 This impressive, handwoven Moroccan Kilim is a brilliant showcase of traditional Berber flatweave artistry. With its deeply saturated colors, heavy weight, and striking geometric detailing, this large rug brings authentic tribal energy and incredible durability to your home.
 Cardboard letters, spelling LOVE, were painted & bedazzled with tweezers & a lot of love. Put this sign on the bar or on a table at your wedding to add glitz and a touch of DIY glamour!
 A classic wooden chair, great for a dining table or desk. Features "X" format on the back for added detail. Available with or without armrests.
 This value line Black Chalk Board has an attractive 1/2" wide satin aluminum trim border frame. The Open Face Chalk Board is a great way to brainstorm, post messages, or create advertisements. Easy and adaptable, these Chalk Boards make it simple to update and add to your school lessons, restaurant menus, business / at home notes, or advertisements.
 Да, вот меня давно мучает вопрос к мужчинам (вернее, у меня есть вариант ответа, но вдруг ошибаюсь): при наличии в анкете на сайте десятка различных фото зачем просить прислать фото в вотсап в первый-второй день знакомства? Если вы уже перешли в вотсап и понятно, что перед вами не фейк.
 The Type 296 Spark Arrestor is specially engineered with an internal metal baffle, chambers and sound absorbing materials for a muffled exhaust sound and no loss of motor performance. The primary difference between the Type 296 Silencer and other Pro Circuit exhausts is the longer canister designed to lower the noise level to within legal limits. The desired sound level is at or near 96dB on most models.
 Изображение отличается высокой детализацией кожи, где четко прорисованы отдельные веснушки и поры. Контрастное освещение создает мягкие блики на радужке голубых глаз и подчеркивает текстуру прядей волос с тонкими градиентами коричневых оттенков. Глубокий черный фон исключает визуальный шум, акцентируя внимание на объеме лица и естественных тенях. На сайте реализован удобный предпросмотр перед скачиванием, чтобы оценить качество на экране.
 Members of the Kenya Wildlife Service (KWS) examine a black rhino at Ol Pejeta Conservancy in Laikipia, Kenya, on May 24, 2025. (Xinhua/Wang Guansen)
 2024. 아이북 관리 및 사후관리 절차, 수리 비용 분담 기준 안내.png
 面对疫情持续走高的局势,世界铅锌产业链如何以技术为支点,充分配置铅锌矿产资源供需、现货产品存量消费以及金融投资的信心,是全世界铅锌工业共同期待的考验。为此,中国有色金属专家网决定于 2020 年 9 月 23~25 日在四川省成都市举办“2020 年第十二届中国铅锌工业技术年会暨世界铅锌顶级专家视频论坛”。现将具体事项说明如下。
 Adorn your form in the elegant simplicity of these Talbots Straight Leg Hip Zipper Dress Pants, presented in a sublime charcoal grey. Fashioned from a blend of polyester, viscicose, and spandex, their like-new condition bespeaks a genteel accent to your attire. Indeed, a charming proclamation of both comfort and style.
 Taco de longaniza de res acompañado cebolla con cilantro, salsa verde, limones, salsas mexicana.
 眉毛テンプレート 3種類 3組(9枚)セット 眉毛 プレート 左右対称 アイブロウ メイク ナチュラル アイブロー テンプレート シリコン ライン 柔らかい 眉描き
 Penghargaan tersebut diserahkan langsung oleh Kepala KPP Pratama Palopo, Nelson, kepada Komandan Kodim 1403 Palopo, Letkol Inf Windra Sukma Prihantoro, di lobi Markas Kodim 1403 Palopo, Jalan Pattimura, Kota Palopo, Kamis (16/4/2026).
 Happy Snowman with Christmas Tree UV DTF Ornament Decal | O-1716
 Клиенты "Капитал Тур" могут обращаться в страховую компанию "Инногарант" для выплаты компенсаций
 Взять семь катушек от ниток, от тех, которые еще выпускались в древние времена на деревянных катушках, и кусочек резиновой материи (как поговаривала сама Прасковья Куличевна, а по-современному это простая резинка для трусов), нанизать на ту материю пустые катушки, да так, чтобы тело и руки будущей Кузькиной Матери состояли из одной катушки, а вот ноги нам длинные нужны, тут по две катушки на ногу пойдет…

■ ■ ■ ■

Out of the listing above, reproduce exactly the lines from the one with "Adorn your form" up to and including the one with "Happy Snowman with".

 Adorn your form in the elegant simplicity of these Talbots Straight Leg Hip Zipper Dress Pants, presented in a sublime charcoal grey. Fashioned from a blend of polyester, viscicose, and spandex, their like-new condition bespeaks a genteel accent to your attire. Indeed, a charming proclamation of both comfort and style.
 Taco de longaniza de res acompañado cebolla con cilantro, salsa verde, limones, salsas mexicana.
 眉毛テンプレート 3種類 3組(9枚)セット 眉毛 プレート 左右対称 アイブロウ メイク ナチュラル アイブロー テンプレート シリコン ライン 柔らかい 眉描き
 Penghargaan tersebut diserahkan langsung oleh Kepala KPP Pratama Palopo, Nelson, kepada Komandan Kodim 1403 Palopo, Letkol Inf Windra Sukma Prihantoro, di lobi Markas Kodim 1403 Palopo, Jalan Pattimura, Kota Palopo, Kamis (16/4/2026).
 Happy Snowman with Christmas Tree UV DTF Ornament Decal | O-1716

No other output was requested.